[Information provided Boundary: Start]
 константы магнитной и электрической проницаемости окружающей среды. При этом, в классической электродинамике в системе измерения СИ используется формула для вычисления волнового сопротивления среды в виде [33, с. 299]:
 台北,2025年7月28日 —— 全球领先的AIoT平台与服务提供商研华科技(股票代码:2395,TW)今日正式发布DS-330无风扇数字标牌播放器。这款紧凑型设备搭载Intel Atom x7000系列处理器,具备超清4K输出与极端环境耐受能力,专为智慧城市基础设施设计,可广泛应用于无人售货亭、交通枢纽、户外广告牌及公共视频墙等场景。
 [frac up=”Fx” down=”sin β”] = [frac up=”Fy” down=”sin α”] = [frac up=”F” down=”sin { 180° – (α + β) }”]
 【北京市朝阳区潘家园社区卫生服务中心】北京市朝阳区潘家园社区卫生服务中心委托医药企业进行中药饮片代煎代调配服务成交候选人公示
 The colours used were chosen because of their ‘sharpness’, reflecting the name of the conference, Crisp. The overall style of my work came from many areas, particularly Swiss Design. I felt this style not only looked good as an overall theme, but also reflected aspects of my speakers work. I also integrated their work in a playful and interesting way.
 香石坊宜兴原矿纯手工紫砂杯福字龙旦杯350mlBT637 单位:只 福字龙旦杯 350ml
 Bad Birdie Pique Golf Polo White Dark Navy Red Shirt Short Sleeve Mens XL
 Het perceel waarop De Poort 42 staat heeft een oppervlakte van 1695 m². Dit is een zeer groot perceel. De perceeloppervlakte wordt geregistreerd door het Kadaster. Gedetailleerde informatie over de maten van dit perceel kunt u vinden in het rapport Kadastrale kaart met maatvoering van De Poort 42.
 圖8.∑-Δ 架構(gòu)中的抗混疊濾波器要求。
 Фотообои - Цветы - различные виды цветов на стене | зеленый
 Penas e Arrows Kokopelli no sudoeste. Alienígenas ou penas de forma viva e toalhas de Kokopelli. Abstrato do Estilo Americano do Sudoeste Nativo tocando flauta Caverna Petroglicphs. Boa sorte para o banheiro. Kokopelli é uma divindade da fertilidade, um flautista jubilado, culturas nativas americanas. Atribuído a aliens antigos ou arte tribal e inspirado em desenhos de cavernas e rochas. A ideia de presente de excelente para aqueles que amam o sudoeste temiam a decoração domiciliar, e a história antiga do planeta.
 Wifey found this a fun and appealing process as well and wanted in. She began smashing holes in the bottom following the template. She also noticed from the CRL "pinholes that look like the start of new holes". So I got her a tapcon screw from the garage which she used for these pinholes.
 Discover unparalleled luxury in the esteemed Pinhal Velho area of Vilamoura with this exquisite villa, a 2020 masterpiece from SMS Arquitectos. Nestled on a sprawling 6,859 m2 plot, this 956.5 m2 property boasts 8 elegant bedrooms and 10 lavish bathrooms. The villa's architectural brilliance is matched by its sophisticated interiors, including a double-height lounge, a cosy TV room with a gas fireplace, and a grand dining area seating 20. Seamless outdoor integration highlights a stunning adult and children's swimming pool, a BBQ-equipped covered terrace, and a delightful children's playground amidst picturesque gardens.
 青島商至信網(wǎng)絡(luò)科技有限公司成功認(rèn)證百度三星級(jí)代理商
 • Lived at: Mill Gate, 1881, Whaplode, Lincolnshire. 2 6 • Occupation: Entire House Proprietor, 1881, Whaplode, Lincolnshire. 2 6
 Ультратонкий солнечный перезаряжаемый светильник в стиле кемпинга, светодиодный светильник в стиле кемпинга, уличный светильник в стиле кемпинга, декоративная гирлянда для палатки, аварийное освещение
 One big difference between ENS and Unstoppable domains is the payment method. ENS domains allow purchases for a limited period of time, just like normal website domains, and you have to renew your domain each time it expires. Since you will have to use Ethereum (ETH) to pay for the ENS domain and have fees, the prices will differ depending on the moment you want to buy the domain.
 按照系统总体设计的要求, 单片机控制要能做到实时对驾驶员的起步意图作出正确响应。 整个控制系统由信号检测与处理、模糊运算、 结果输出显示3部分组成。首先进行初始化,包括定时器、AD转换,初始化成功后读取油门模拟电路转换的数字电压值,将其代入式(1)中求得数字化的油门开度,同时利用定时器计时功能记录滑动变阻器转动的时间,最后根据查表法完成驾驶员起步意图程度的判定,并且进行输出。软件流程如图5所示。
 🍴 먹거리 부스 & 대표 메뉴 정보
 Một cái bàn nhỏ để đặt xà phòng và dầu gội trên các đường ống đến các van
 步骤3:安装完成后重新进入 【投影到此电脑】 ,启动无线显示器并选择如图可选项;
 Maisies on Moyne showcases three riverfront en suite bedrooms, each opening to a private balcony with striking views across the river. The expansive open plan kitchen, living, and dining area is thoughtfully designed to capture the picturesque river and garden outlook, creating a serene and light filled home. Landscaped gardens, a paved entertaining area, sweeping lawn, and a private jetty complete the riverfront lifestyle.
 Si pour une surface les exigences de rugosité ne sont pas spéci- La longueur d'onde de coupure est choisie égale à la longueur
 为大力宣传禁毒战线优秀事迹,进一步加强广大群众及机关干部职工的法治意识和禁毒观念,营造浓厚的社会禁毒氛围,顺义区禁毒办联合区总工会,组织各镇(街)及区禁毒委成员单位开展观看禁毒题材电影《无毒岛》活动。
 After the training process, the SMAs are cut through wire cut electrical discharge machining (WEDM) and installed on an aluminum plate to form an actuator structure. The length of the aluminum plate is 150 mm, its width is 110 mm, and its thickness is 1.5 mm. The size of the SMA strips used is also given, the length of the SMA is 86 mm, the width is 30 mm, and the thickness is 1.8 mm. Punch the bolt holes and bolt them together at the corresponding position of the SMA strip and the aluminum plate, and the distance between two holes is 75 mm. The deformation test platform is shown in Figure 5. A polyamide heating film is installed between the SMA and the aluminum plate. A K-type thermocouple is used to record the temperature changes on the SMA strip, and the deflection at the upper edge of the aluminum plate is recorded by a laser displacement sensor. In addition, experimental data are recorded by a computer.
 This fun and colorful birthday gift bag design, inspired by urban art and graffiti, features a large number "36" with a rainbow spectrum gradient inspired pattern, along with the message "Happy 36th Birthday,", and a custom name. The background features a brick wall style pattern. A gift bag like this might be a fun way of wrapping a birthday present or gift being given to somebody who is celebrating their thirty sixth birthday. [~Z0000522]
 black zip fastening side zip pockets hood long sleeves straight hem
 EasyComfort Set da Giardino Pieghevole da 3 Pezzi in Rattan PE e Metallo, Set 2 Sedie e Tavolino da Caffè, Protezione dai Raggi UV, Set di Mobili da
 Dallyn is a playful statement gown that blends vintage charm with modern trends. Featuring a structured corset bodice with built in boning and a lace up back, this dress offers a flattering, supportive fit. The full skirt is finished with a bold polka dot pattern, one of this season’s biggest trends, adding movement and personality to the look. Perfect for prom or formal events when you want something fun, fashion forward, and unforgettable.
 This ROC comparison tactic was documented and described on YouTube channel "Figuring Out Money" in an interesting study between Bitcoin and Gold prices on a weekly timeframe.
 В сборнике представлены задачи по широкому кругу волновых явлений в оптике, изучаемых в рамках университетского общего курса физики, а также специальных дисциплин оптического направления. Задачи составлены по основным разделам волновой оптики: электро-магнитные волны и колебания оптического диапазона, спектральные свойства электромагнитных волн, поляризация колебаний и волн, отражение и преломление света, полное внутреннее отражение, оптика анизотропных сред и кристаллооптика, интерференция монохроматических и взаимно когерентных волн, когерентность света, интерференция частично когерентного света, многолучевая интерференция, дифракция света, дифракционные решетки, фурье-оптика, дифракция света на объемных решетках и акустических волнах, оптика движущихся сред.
[Information provided Boundary: End]
**Work to complete**
Your answer should consist of each line above in which "also" appears.

**Final answer**
 The colours used were chosen because of their ‘sharpness’, reflecting the name of the conference, Crisp. The overall style of my work came from many areas, particularly Swiss Design. I felt this style not only looked good as an overall theme, but also reflected aspects of my speakers work. I also integrated their work in a playful and interesting way.
 Wifey found this a fun and appealing process as well and wanted in. She began smashing holes in the bottom following the template. She also noticed from the CRL "pinholes that look like the start of new holes". So I got her a tapcon screw from the garage which she used for these pinholes.
 After the training process, the SMAs are cut through wire cut electrical discharge machining (WEDM) and installed on an aluminum plate to form an actuator structure. The length of the aluminum plate is 150 mm, its width is 110 mm, and its thickness is 1.5 mm. The size of the SMA strips used is also given, the length of the SMA is 86 mm, the width is 30 mm, and the thickness is 1.8 mm. Punch the bolt holes and bolt them together at the corresponding position of the SMA strip and the aluminum plate, and the distance between two holes is 75 mm. The deformation test platform is shown in Figure 5. A polyamide heating film is installed between the SMA and the aluminum plate. A K-type thermocouple is used to record the temperature changes on the SMA strip, and the deflection at the upper edge of the aluminum plate is recorded by a laser displacement sensor. In addition, experimental data are recorded by a computer.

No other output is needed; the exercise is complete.